Paper No. 5
Presentation Time: 8:00 AM-12:00 PM
PERIODICITY AND THE CAUSES OF MAJOR EXTINCTIONS
Striking similarities in the rise and fall of marine invertebrates, as well as reef faunas restricted to shallow tropical seas, suggest that geographically widespread environmental stress is a prime agent of extinction in the fossil record.
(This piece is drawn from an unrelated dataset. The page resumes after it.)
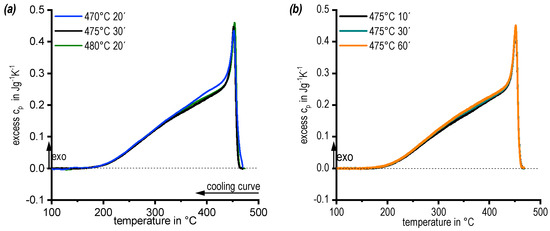 To allow a sound selection of the solution annealing temperature and duration, DSC cooling curves after solution treatment at 470, 475, and 480 °C were compared, see Figure 5a. In general, the DSC cooling curves are very similar. They show at least two overlapping precipitation reactions (details are given in Chapter 3.3.). However, in detail it can be seen that after solution treatment at 470 °C for 20 min, an instantaneous onset of precipitation with onset of cooling occurs. This indicates an incomplete dissolution of the main alloying elements, acting as nuclei for precipitation [24]. To ensure a complete solution, the temperature for the solution treatment was set at 475 °C (−480 °C). In the next step the soaking duration was varied between 10 and 60 min, see Figure 5b. The DSC cooling curves from any soaking duration were highly similar. 30 min at 475 °C (10 min at 480 °C) were defined as solution treatment duration.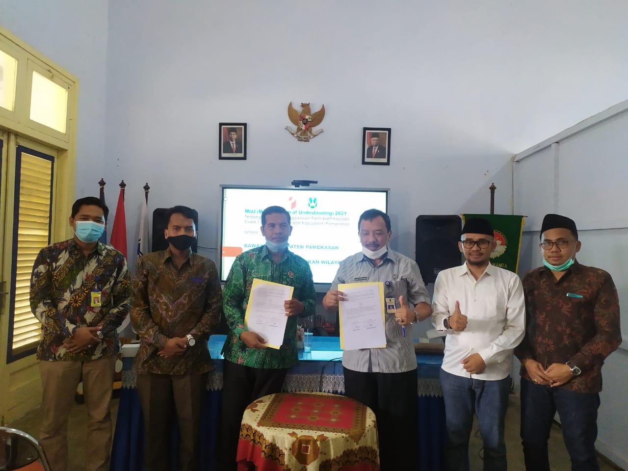 pamekasan.bawaslu.go.id//Pamekasan, Badan Pengawas Pemilihan Umum Kabupaten Pamekasan bersama Cabang Dinas Pendidikan Wilayah Kabupaten Pamekasan melakukan kegiatan kerja sama yang berbentuk Memorandum of Understanding (MoU) tentang Pengawasan Partisipatif bagi siswa SMA/SMK se-Kabupaten Pamekasan, acara tersebut juga dihadiri Kepala Sekolah SMA/SMK se-Kabupaten Pamekasan beserta lima Komisioner Bawaslu Pamekasan yang bertempat di Aula Kantor Cabang Dinas Pendidikan Wilayah Kabupaten Pamekasan, Jumat, (26/03/2021).

To investigate the relationship between ecology and periodic mass extinctions, percent extinction was calculated for primarily post-Paleozoic marine genera spanning the last 250 MY (mid-Permian to Neogene time), heavily culled to eliminate the Pull of the Recent and the effects of Lagerstätten and taxonomic oversplitting. Remaining genera were then sorted by locomotion, life habit, and feeding mode. Spectral analyses, which circumvent the limitations of traditional Fourier-based methods, were performed on these categories and corrected for biases using Monte Carlo simulations. Actively mobile, pelagic, infaunal, and carnivorous genera display prominent peaks generally consistent with a 26 MY periodicity. These include so-called “elastic taxa”, such as mammals and ammonites, which undergo rapid post-crisis radiations and are thus expected to be particularly susceptible to extinction. Sessile, epifaunal, and suspension feeding genera show no such features, but the small sample sizes of herbivorous grazers (mainly echinoids and gastropods) and deposit feeders preclude unambiguous interpretation. While the preceding results fail to establish significance at the 95% level according to an unrealistic null hypothesis of independent random data, a series of runs tests demonstrate that an autocorrelated model is a more appropriate fit for each ecological grouping. Alternative manipulations of the geologic column may indeed confirm the existence of periodicity across the entire gamut of adaptive zones, thereby supporting a common physical cause of major extinctions in the history of life. If the patterns of extinction selectivity are real, however, periodicity could instead be explained as a consequence of internal evolutionary dynamics, such as delayed recovery following biotic crises.